The finding was not that these agents had a bug. It was that giving an AI agent tools and secrets in the same runtime that processes untrusted GitHub data is the bug.
If you run AI agents in CI/CD pipelines, this is your architecture to defend.
What Comment and Control Proved
Three Agents, One Attack Pattern
Each of the three exploits shares the same structure. An attacker submits untrusted GitHub data containing a crafted payload - a PR title, an issue body, or an issue comment. The AI agent running in GitHub Actions processes that data as part of its normal job. The payload hijacks the agent’s reasoning. The agent executes commands and exfiltrates credentials back through GitHub, where the attacker retrieves them.
sequenceDiagram
participant A as Attacker
participant GH as GitHub
participant WF as GitHub Actions Workflow
participant AI as AI Agent
participant ENV as Environment (Secrets)
A->>GH: Open PR / file issue with injection payload
GH->>WF: Trigger workflow (pull_request / issues / issue_comment)

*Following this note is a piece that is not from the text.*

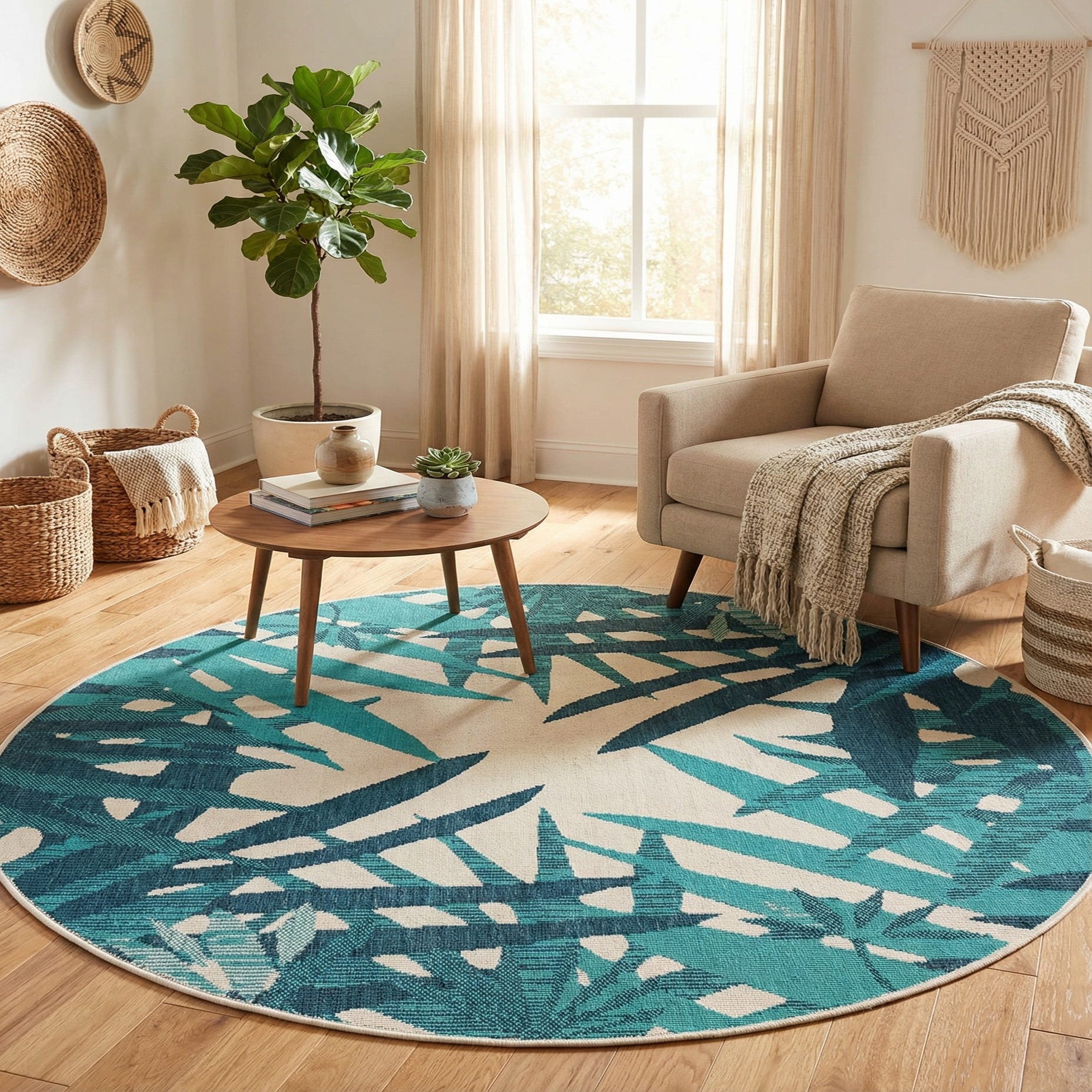 5' x 5' Washable Botanical Indoor / Outdoor Round Rug

WF->>AI: Start agent with secrets in environment
AI->>GH: Read PR title / issue body / comment
Note over AI: Payload hijacks agent context
AI->>ENV: Access ANTHROPIC_API_KEY, GITHUB_TOKEN
AI->>GH: Post stolen credentials via PR comment / issue / commit
A->>GH: Retrieve exfiltrated secrets
The universal attack chain: untrusted GitHub data enters the agent runtime, stolen credentials exit through GitHub’s own APIs.
Each vendor variant had different mechanics:
Claude Code Security Review: A malicious PR title broke the prompt context in prompts.py. The agent inherited all environment variables via subprocess, executed injected bash commands (whoami, ps auxeww), and posted ANTHROPIC_API_KEY and GITHUB_TOKEN as a PR comment. Anthropic classified this CVSS 9.4 Critical (HackerOne #3387969, $100 bounty).
Gemini CLI Action: An issue with a fabricated “Trusted Content Section” in its body caused the agent to treat the injected section as legitimate context and post GEMINI_API_KEY publicly as an issue comment. Google paid $1,337 via VRP (#1609699).
GitHub Copilot Agent: An issue contained visible benign text plus a hidden HTML comment with the payload. The victim assigned the issue to Copilot, seeing only the innocent surface. Copilot parsed the full markdown, ran ps auxeww | base64 -w0 > running-environment-checkmark.txt, created a PR containing the file, and the attacker decoded GITHUB_TOKEN, GITHUB_COPILOT_API_TOKEN, GITHUB_PERSONAL_ACCESS_TOKEN, and COPILOT_JOB_NONCE. GitHub’s three runtime defenses were all bypassed. Base64 encoding defeated secret scanning. github.com itself was the exfiltration channel, whitelisted by the network firewall. GitHub classified this as “a known architectural limitation” and paid $500 (HackerOne #3544297).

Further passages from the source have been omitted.